Fred Koller (born March 5, 1950 in Chicago) is an American singer-songwriter. He has been active in the music business since 1973. Fred lives and works in Nashville with his wife Trish and their cat Buddy.

Music career

Koller has written over 300 songs which have been recorded. He was awarded the BMI Millionaire Performance Award for both "Angel Eyes" and "She Came from Fort Worth". Koller also won BMI Awards for "This Dream's On Me", "Goin' Gone", "Life As We Knew It" and "Will It Be Love By Morning". He is the former Vice President of The Nashville Songwriters Association International. Koller has taught for Songwriters Guild of America and was a staff instructor for both the Kerrville Folk Festival and the Augusta Heritage Festival.

Books and bookselling

Koller opened his first bookstore in Capitola, California in 1975. It was located a few blocks from the ocean on Bay Ave. and was called Words and Music. The shop stocked an eclectic collection of used records, books and sheet music. After two years the store moved to an old fisherman's cottage where Fred and his first wife, majolica artist Farraday Newsome, lived upstairs.

In 1979 Fred sold his bookstore and moved back to Nashville, Tennessee. He opened Rhino Booksellers in Nashville in Oct. 2001. There are presently two locations.

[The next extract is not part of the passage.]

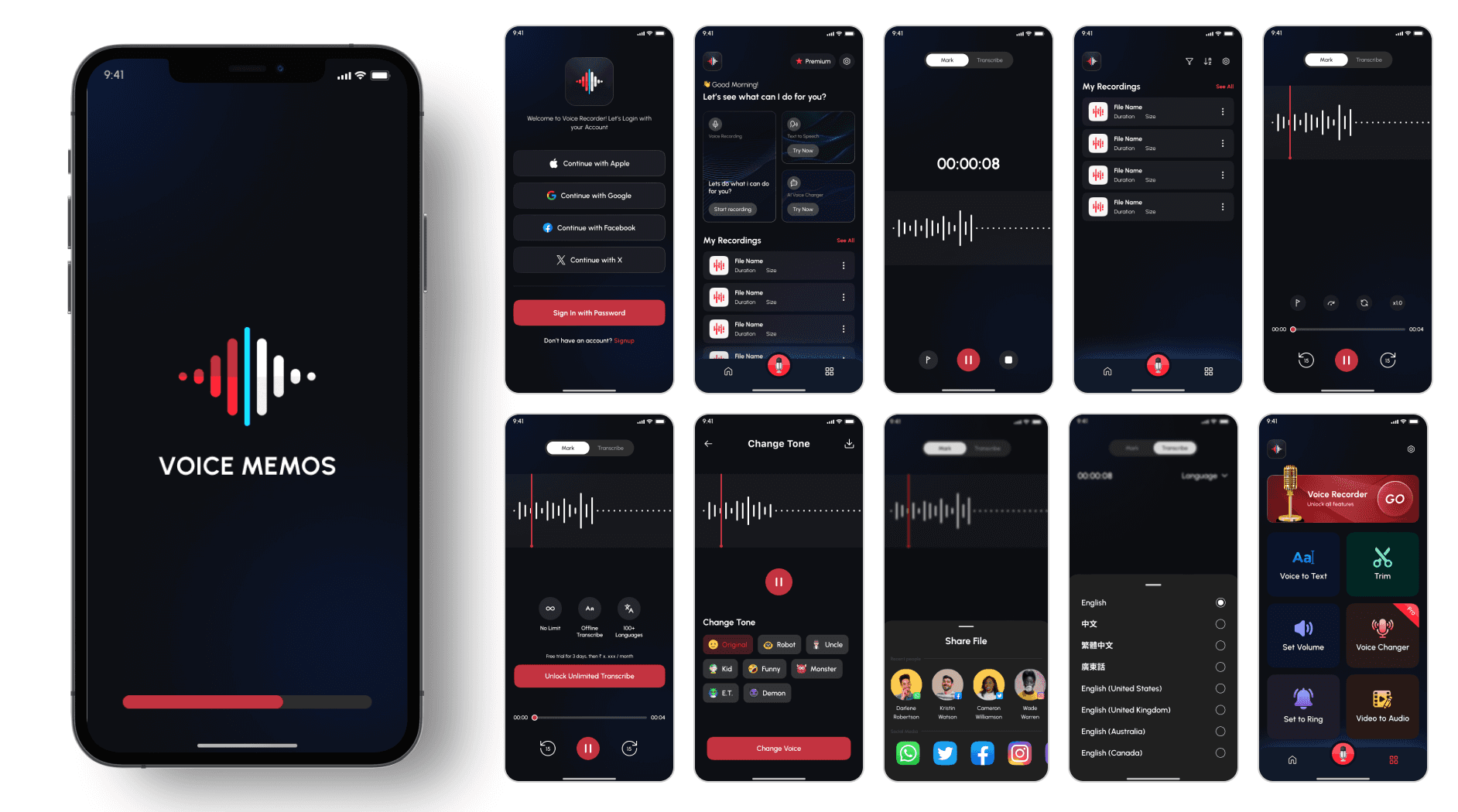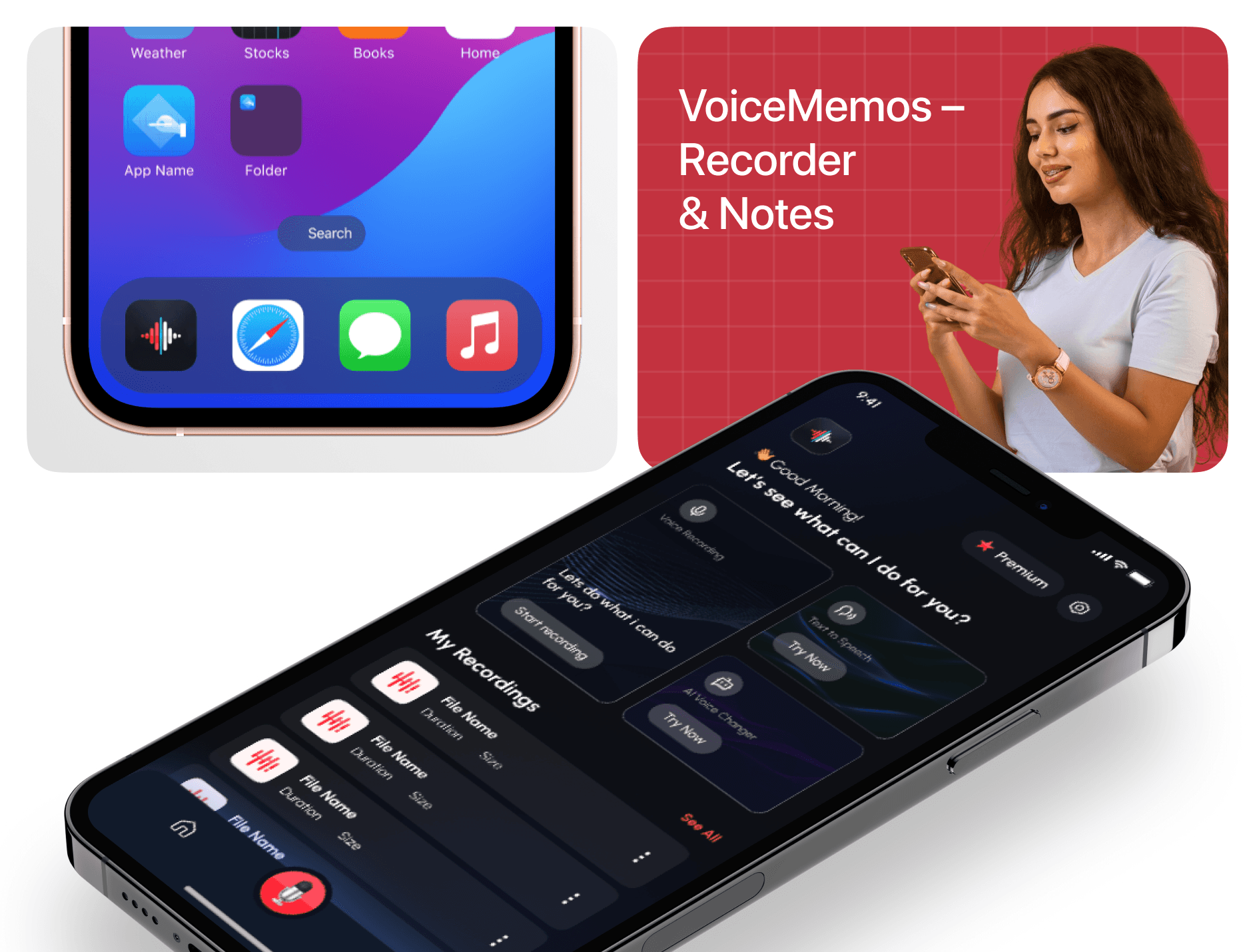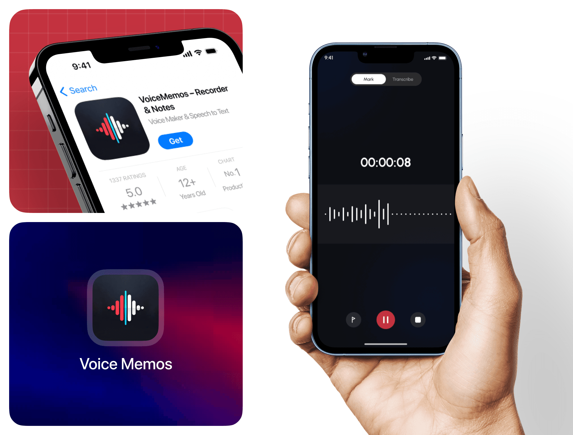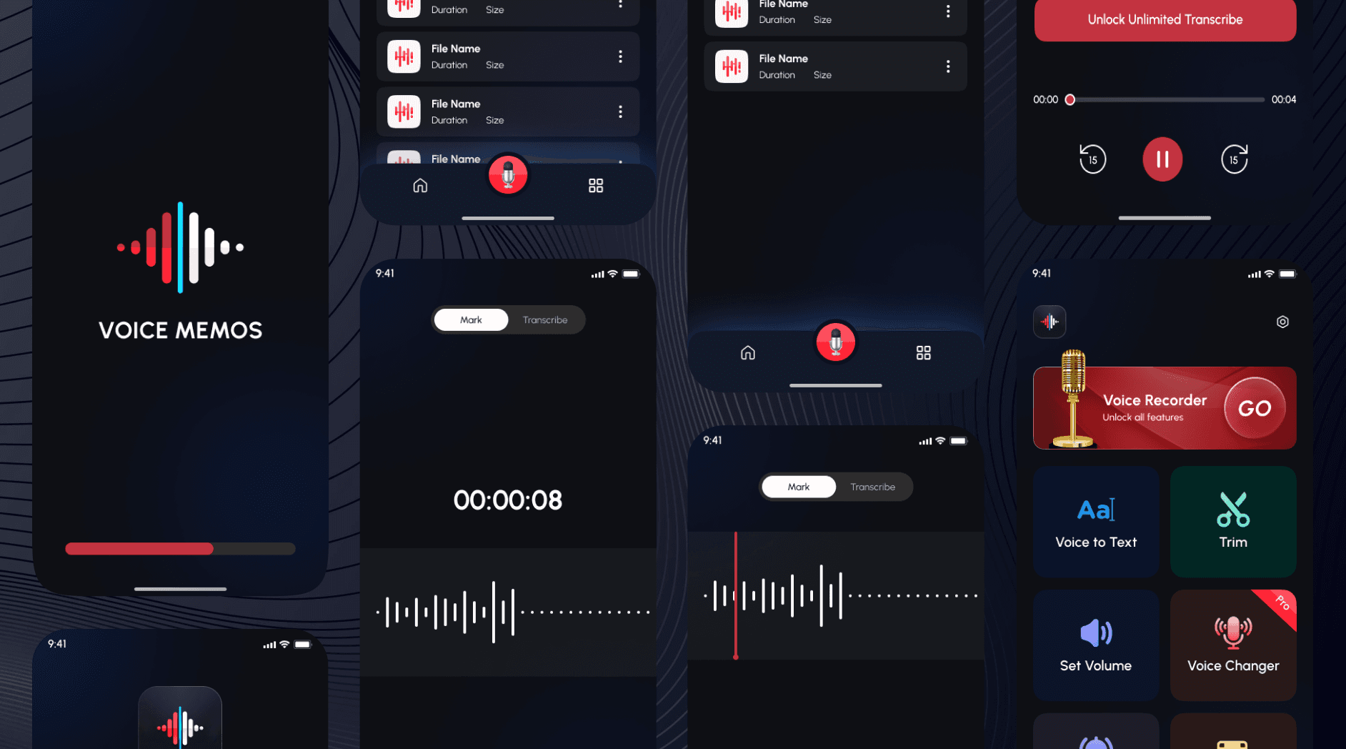 VoiceMemos – Recorder & Notes is an iOS app that allows users to record voice memos, transcribe them into text, and organize their notes efficiently. I was responsible for designing the complete UI/UX and App Store visuals from the ground up using Figma.

Koller is the author of How to Pitch and Promote Your Songs which is in its third edition. He also contributed to The Homespun Songwriter's Workshop and taught Homespun Tapes: Developing Your Lyrics.

Fred and Shel

Children's author Shel Silverstein was spending a lot of time on his houseboat in Sausalito, California and would often visit to write songs and explore Santa Cruz, California.

In 1974, Silverstein and Koller began writing their first song together. Silverstein was already famous for his Playboy cartoons, children's books and several songwriting hits for artists like Doctor Hook and Johnny Cash. Their collaboration grew into a friendship that would last for the next 25 years.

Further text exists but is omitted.